In November 2003, Marine Brigadier General Joseph V. Medina took command of Expeditionary Strike Group 3. This event marked the first time in history that a United States Marine Corps officer took command of a naval formation.

In Operation Iraqi Freedom Two (OIF II), included a host of amphibious and maritime ships whose mission was to substitute Marines from the I Marine Expeditionary Force with troops from the United States Army's 1st Infantry.

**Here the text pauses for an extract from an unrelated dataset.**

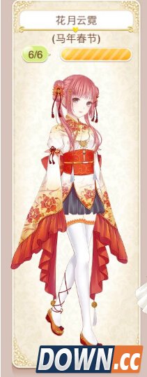 花月云霓套装获取方式: (目前已绝版,幻之阁能否获取不确定) 头发:花火 七颗星 连衣裙:金色莲华 七颗星 袜子:莲花步步生 七颗星 鞋子:芙蓉 七颗星 妆容:红莲·胭脂 六颗星 颈饰:长命锁 七颗星倾国
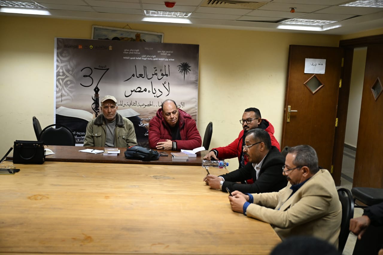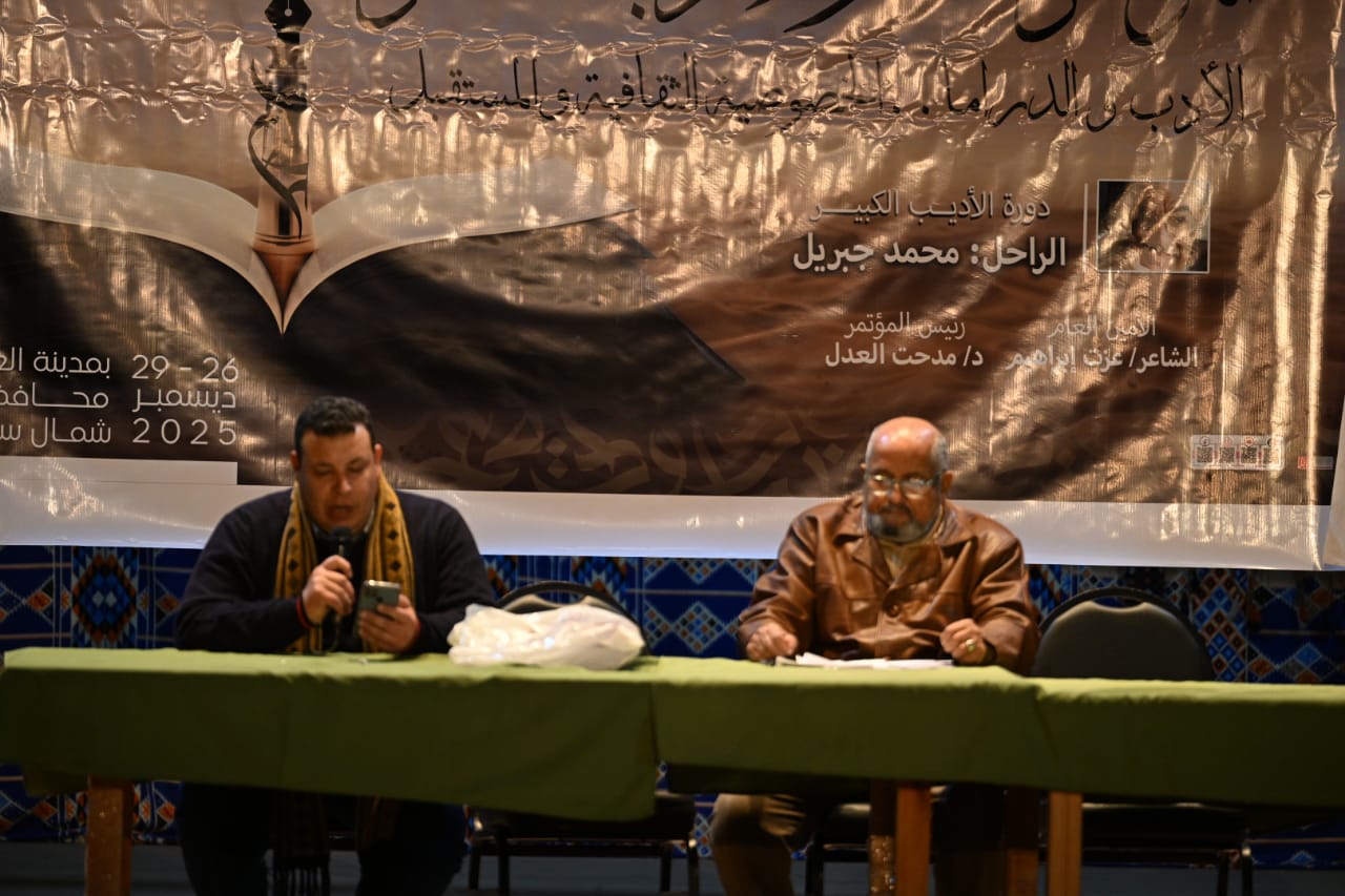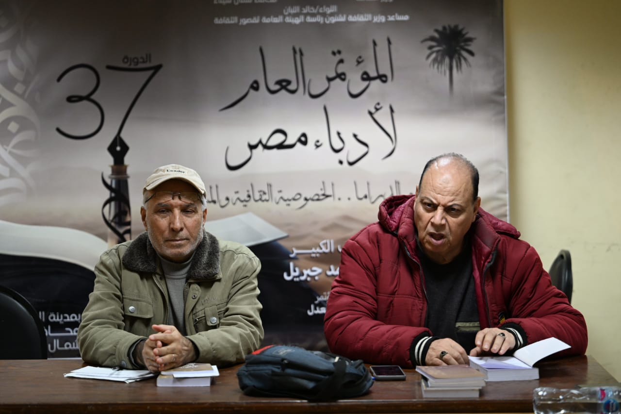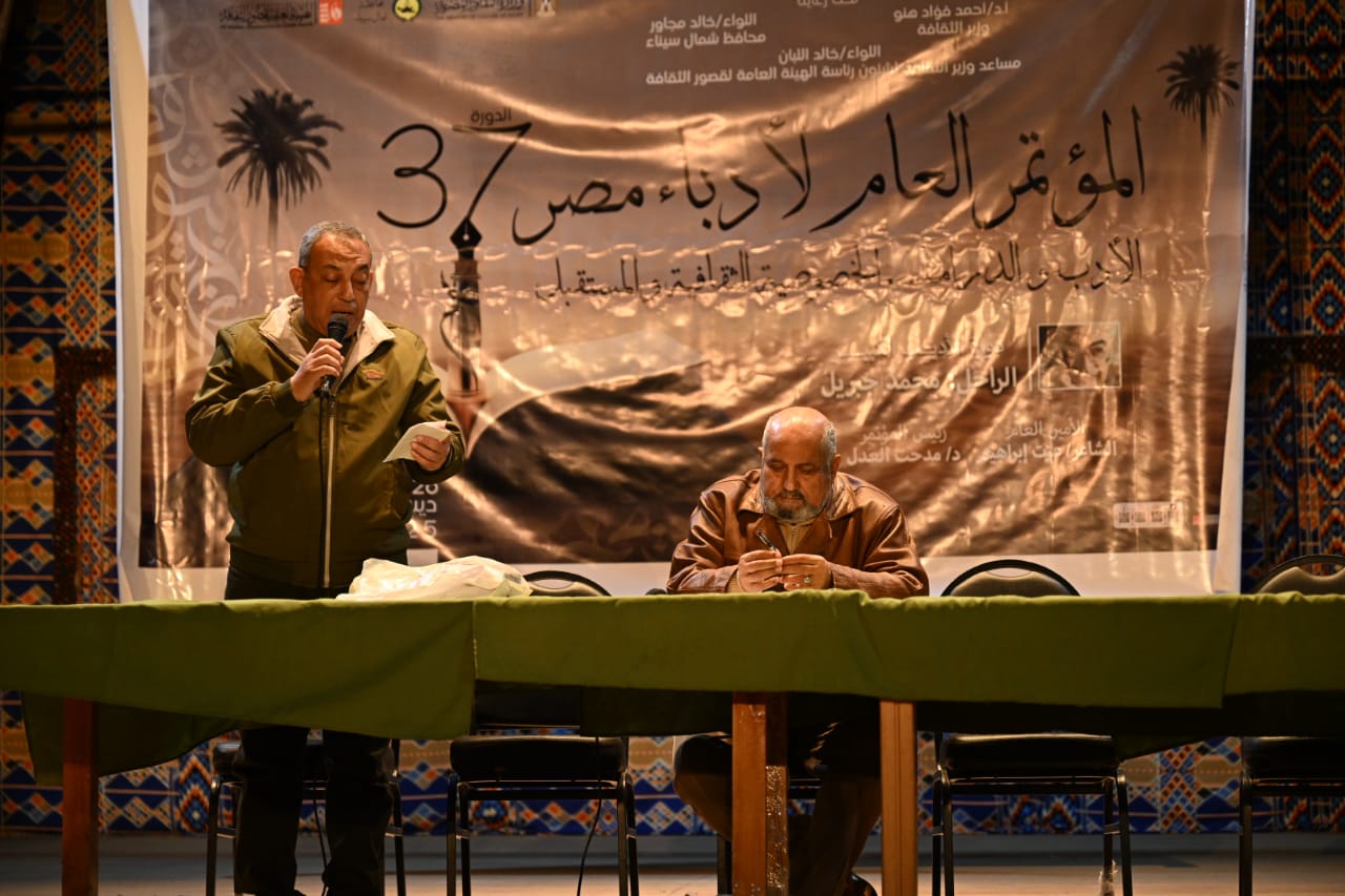 شهد قصر ثقافة العريش استمرار فعاليات المؤتمر العام لأدباء مصر في دورته السابعة والثلاثين، دورة "الأديب الكبير الراحل محمد جبريل"، والذي يقام هذا العام تحت عنوان "الأدب والدراما.. الخصوصية الثقافية والمستقبل"، برعاية الدكتور أحمد فؤاد هنو وزير الثقافة، واللواء الدكتور خالد مجاور محافظ شمال سيناء، وتنظمه الهيئة العامة لقصور الثقافة برئاسة اللواء خالد اللبان، ويرأس المؤتمر الشاعر والسيناريست الدكتور مدحت العدل، ويتولى أمانته العامة الشاعر عزت إبراهيم، وذلك في إطار برامج وزارة الثقافة، وتستمر فعالياته حتى 29 ديسمبر الجاري.

To support the OIF II Force Rotation Plan and the First Marine Expeditionary Force's deployment to relieve the 3d Armored Cavalry Regiment and the 82nd Airborne Division in Iraq, Commander Amphibious Group 3, Rear Adm. W. C. Marsh, and his San Diego–based staff deployed into the Fifth Fleet Area of Operations. Marsh assumed duties as Commander Task Force 51 (CTF 51) and began overseeing amphibious operations in the area.

On 17 April 2007, Amphibious Group 3 was reorganized as Expeditionary Strike Group Three in San Diego. Unlike Commander, Amphibious Group 3, which provided ships with manning, training and material support, ESG 3 was to be strictly operational, preparing ESG forces for deployment and maintaining proficiencies as a staff to provide fleet commanders with a ready fly-away command element that is extremely flexible in mission assignment.